Akamai’s Gecko initiative deploys compute at the edge to create world’s most distributed cloud platform
The developer-focused cloud computing firm Akamai Technologies Inc. has announced ambitious plans to embed a range of cloud computing services within its sprawling edge content delivery network.
Announced today, Akamai’s Generalized Edge Compute or Gecko initiative is about helping companies deliver better experiences by moving their workloads closer to end users. The launch of Gecko is another step toward the company’s vision of creating an alternative kind of cloud platform that meets the needs of high-performance applications, with lower latencies and global scalability.
Akamai argues that the traditional cloud computing architectures built by companies like Amazon Web Services Inc. and Google Cloud were never designed for this. By leveraging its edge network, Akamai says, Gecko will provide a way for companies to move their heaviest compute workloads to the edge of its network. Such workloads have historically always been consigned to centralized data centers, but can now be hosted in hundreds of previously out of reach locations, bringing them closer to more end users, the company said.
In early trials of the Gecko edge architecture, customers have demonstrated that applications such as artificial intelligence inference, multiplayer gaming, and social and streaming media are ideally suited to take advantage of its closer proximity to end users.
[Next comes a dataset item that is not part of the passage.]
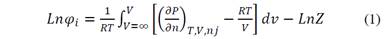 In Equation 1, Z is the compressibility factor; the derivative part represents the partial derivative of component i keeping the temperature, volume, and the moles of the other components constant.

Akamai has also identified up and coming use cases, such as immersive retail experiences, spatial computing and consumer and industrial internet of things applications as being suitable for edge distribution.
One advantage of Akamai’s edge network is that traditional cloud platforms treat cloud and edge networks separately. But with Gecko, Akamai is able to deploy generalized compute capabilities atop of its existing edge network, taking advantage of its existing tools, processes and observability systems to ensure a consistent experience from the cloud to the edge. In this way, it can support heavy workloads with full-stacking compute at hundreds of previously hard-to-reach locations.
Akamai’s edge network is one of the biggest in the world, due to the company’s status as one of the world’s leading content delivery network providers. Despite being a leader in CDN, it has ambitions to disrupt the cloud computing landscape too, taking on the likes of AWS. Its plans resulted from its $900 million acquisition of the developer cloud infrastructure-as-a-service provider Linode LLC in early 2022.
Following that acquisition, Akamai launched its Connected Cloud platform last year. Its cloud infrastructure piggybacks on its CDN to span an impressive 4,200 locations in 134 countries, putting essential cloud resources such as compute, storage, databases and more, closer to users in virtually every region in the world. That’s why Akamai claims to be the most widely distributed cloud infrastructure platform of all, providing global reach and single-digit-millisecond latencies for high-performance workloads.
The scale of Akamai’s Gecko initiative will mean that developers no longer have to consider the limitations of their cloud platforms when building low-latency applications designed to be deployed at the edge, the company said.
Akamai says it expects to see big demand for Gecko, citing a 2023 study by ClearPath Strategies that found two-thirds of information technology decision-makers will increase their use of distributed cloud services in the next 12 months. A third of those respondents added that they consider the benefits of distributed cloud, such as the ability to process data at the edge, where it is created, to be mission-critical.
Akamai co-founder and Chief Executive Tom Leighton said Gecko is the most exciting development in the cloud in the last decade, representing the next phase of the company’s roadmap to build a more connected cloud platform for enterprises. “We began delivering on that roadmap with the launch of Akamai Connected Cloud and the rapid rollout of new core compute regions around the world,” Leighton said. “With Gecko, we’re furthering that vision by combining the computing power of our cloud platform with the proximity and efficiency of the edge, to put workloads closer to users than any other cloud provider. When we say we operate at planetary scale, this is what we mean.”
International Data Corp. analyst Dave McCarthy said Akamai is delivering on the promise it made when it first acquired Linode, integrating essential compute capabilities with its security and content delivery services. “What it’s doing now with Gecko is an example of the more distributed cloud world we’re heading towards, driven by enterprise demands to put compute and data closer to the edge,” he said.
There will be three steps to the rollout of Akamai Gecko, with phase one being to embed compute with support for virtual machines in 100 cities by the end of the year. So far, the company has already deployed Gecko-architected regions in underserved locations such as Hong Kong; Kuala Lumpur, Malaysia; Queretaro, Mexico; Johannesburg, South Africa; Bogota, Colombia; Denver, Colorado; Houston, Texas; Hamburg, Germany; and Marseille, France. Ultimately, Akamai intends to expand Gecko to hundreds of global cities in the coming years.
Phase two of Gecko is expected to kick off later this year, when Akamai adds support for application containers in those regions. Finally, phase three will see Gecko regions add support for automated workload orchestration, paving the way for developers to deploy high-performance applications across hundreds of distributed locations, with a consistent user experience in each one.